No son pocas las páginas que dedica al fascismo para desembocar en otros acontecimientos revolucionarios: los movimientos de liberación sexual del siglo XX, que terminan con los fascismos mejor de lo que lo hacen las revoluciones clásicas.

De allí que quizá la revolución más importante sea, para él, la “revolución Coco Chanel”: por la invención del prêt-à-porter –el mismo traje para trabajar y luego asistir a un festín– y el little black dress como símbolo de la liberación de la mujer.

Una intimidad revolucionaria

La vida cotidiana es para Sebreli una coartada revolucionaria de la subjetividad, porque permite un ejercicio libre del pensamiento –y de los cuerpos– que ninguna revolución política consagra. La invención de la soledad, el culto a los adornos en la arquitectura o la aparición de la literatura sentimental son hechos revolucionarios: bolsones de privacidad en medio de las presiones colectivas.

El escritor y filósofo argentino Juan José Sebreli en su casa en 2024. Foto: Maxi Failla.

Siguiendo a Peter Sloterdijk, que define el presente como una sociedad de “paredes finas”, desprovista de privacidad, podría decirse que la nuestra es una de las épocas más contrarrevolucionarias de la historia. ¿Puede que estemos perdiendo, en la vida privada, algunas de las últimas conquistas que nos restan?

El libro es un manifiesto contra los totalitarismos y los puritanismos. Para Sebreli, la clausura de las libertades individuales es tan grave que cuasi-iguala a Stalin con Hitler, y a muchos dictadores con Mussolini; y, podríamos agregar, con ciertas tecnologías.

De allí que la revolución sexual firme el acta de defunción de los totalitarismos, aunque inaugure una nueva era de control biopolítico sobre los cuerpos. Tal vez la forma en que el poder bambolea a las subjetividades en la historia responda a la morosidad con que las sociedades asimilan los cambios. Las revoluciones intervienen allí como un corte de ansiedad, una expresión rotunda del cansancio ante narrativas fantasmagóricas en la sala de espera de la historia.

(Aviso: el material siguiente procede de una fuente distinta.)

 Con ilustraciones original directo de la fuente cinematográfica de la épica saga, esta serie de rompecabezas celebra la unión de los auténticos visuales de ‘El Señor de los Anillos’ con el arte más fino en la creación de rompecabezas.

Fiel a su estilo provocador, en un momento del libro Sebreli hace un elogio de la esclavitud. Porque instituye un orden “superior” al del asesinato de los derrotados en las guerras. Algo similar encuentra en el orden feudal frente al esclavista.

Atildado escepticismo

Lo interesante es que ninguno de estos pasajes históricos sobrevino como resultado de revoluciones específicas. Así, Sebreli pasea su atildado escepticismo por diferentes rincones de la historia: de la revolución francesa a la República Española, de los movimientos antibelicistas en EE. UU. al Mayo del 68.

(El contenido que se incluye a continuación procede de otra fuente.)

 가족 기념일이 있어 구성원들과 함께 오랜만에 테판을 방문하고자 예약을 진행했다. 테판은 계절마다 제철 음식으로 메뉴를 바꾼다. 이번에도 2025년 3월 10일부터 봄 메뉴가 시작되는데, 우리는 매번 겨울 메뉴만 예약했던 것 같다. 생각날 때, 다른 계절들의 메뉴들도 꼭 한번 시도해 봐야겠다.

Podría pensarse en una motivación más personal –contra uno de sus grandes compañeros de juventud, Oscar Masotta– guiando también algunos de sus razonamientos. Se advierte eso en sus críticas menos argumentadas al happening, al arte conceptual o al psicoanálisis.

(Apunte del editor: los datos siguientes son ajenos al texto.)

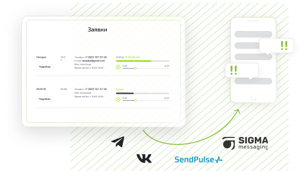 Нақты уақыттағы өтінімдер туралы хабарламалар алу үшін мессенджерлерге, әлеуметтік желілерге, SMS және электрондық хаттарды жіберу қызметтеріне Деректерді жіберуді теңшеңіз

El escritor y filósofo argentino Juan José Sebreli. Archivo Clarín.

En un momento de su libro Sebreli señala que las revoluciones pudieron leudar en tiempos en los que las elites gobernantes se volvieron tontas y superficiales.

Dicho así, podría pensarse que este es un buen momento para las revoluciones. Pero no es este hoy un atributo exclusivo de gobernantes. La estupidez humana es hoy un rasgo que se está generalizando mucho. Eso más que nada es lo que al parecer terminó haciendo, de las revoluciones, una utopía.


Revoluciones. Temblores de una historia inconclusa, de Juan José Sebreli (Sudamericana).